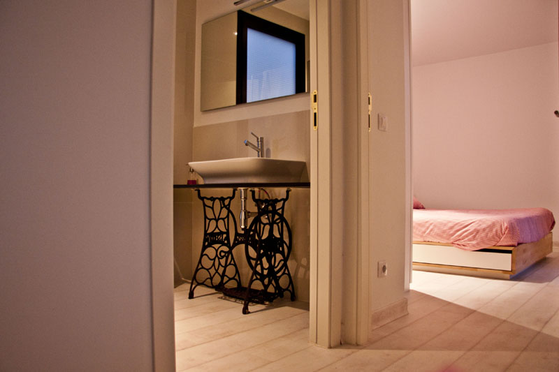 El cerramiento interior está conformado por aislamiento de lana de oveja (Marca: RMT-Nita Distribució Sostenible Aillants Renovables) así como paneles de fibra de celulosa y yeso natural para los parámetros interiores (sustituyendo el tradicional Pladur por una composición ecológica (Marca Fermacell)
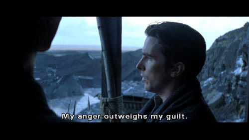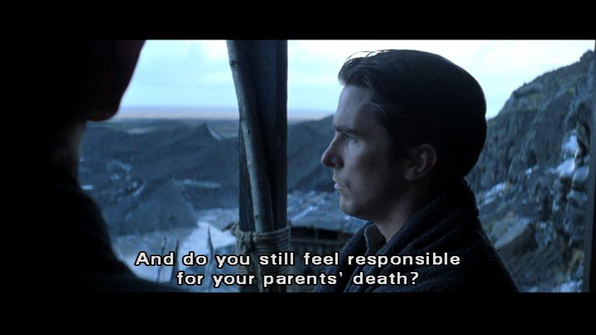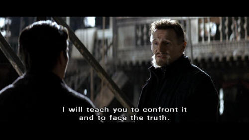 [Henri] And do you still feel responsible for your parents' death? [Bruce] My anger outweighs my guilt. [Henri] Come. You have learned to bury your guilt with anger. I will teach you to confront it and to face the truth. You know how to fight six men. We can teach you how to engage 600.
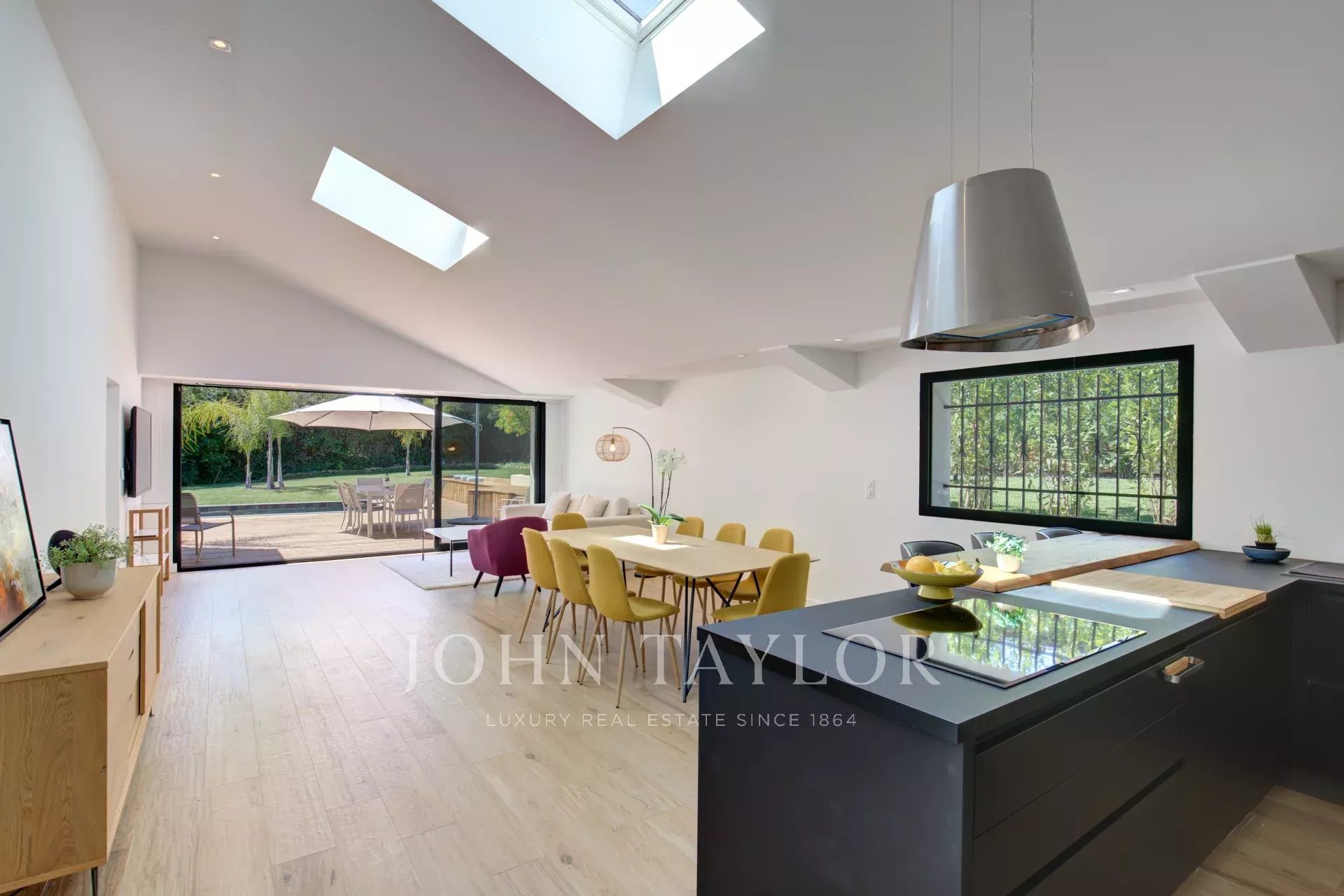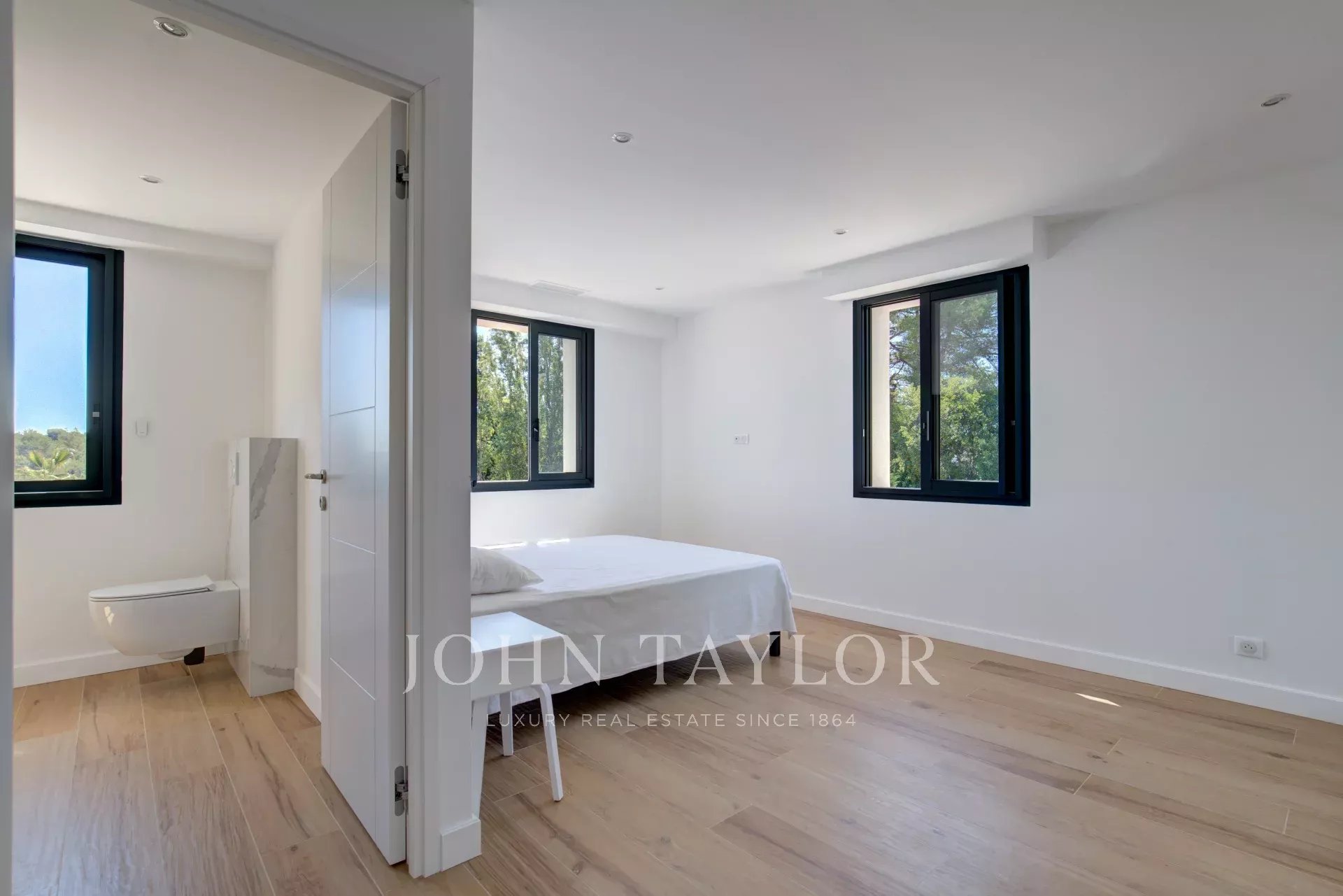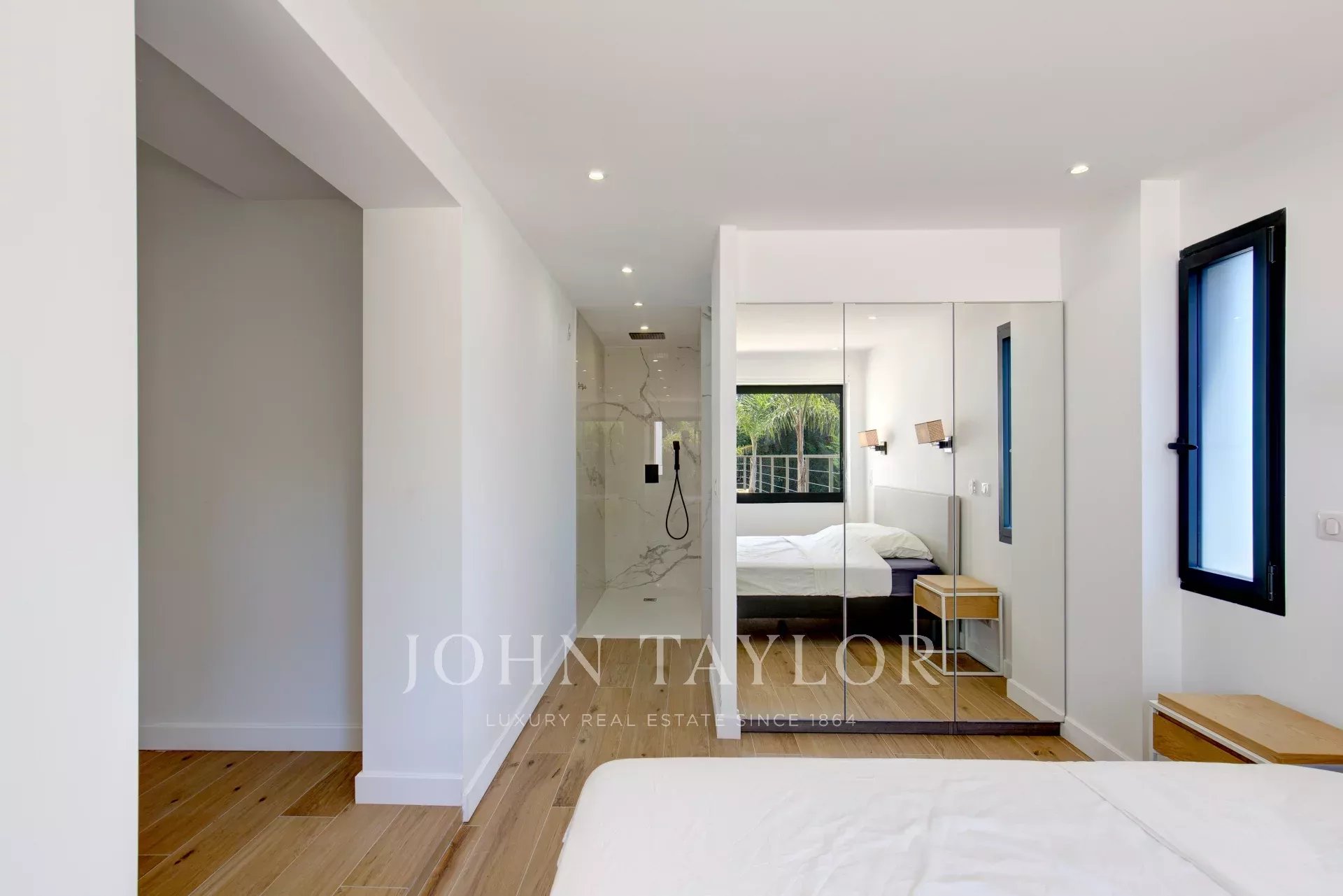 Au rez-de-chaussée se trouve un grand séjour ouvert sur l'extérieur, une cuisine ouverte entièrement équipée et deux chambres avec salle de douche en suite et dressing
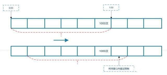 计数器法(固定窗口):原理就是限制每秒处理请求数不超过阈值。比如一个接口一分钟可以处理1000次请求,那么可以设置一个计数器,当有一次请求过来,计数器就加1,如果一分钟以内计数器超过了1000,那么后面再过来的请求就不再处理;但是这个方法的缺点也很明显,因为请求的访问不一定是很平稳的,如果0:59过来了1000个请求,1:01已经是下一个窗口,又过来了1000个请求,但实际上三秒内来了2000个请求,已经超过我们的限流上限了;
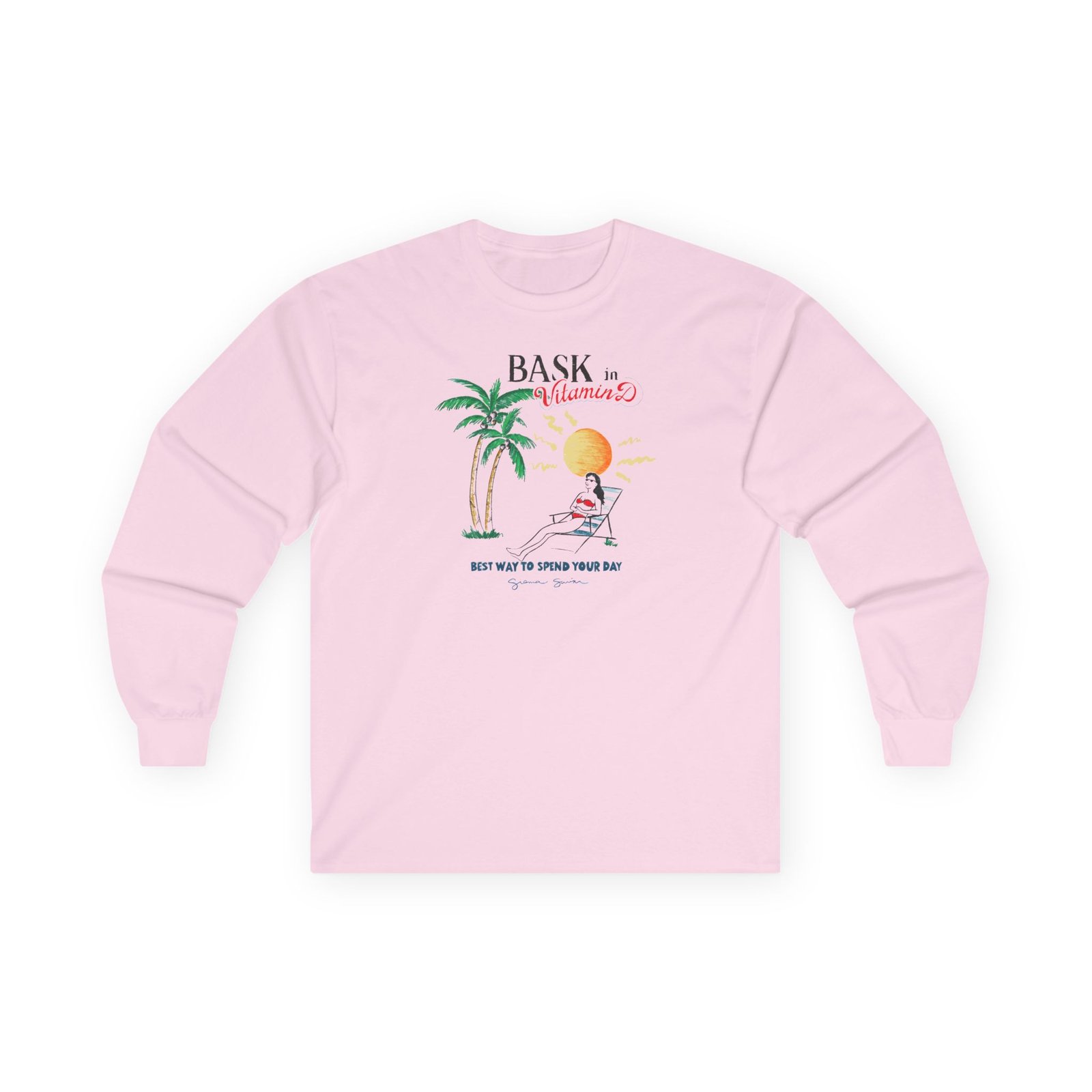 A bit more formal than a standard-issue t-shirt, the Sienna Mae Bask in Vitamin D ultra cotton long sleeve tee is a clear comfort winner. The sleeves also act as a nice frame. There are no side seams. The shoulders are taped for improved durability. This makes for a good fitting around the shoulders and neck. The cotton used for these shirts is environmentally friendly.

------------------------------------------------

> _Task details_
Copy out exactly the lines above beginning with the line that contains "Au rez-de-chaussée se" and finishing with the line that contains "计数器法(固定窗口):原理就", including both; leave the pictures out.

> _Your response_
 Au rez-de-chaussée se trouve un grand séjour ouvert sur l'extérieur, une cuisine ouverte entièrement équipée et deux chambres avec salle de douche en suite et dressing
 计数器法(固定窗口):原理就是限制每秒处理请求数不超过阈值。比如一个接口一分钟可以处理1000次请求,那么可以设置一个计数器,当有一次请求过来,计数器就加1,如果一分钟以内计数器超过了1000,那么后面再过来的请求就不再处理;但是这个方法的缺点也很明显,因为请求的访问不一定是很平稳的,如果0:59过来了1000个请求,1:01已经是下一个窗口,又过来了1000个请求,但实际上三秒内来了2000个请求,已经超过我们的限流上限了;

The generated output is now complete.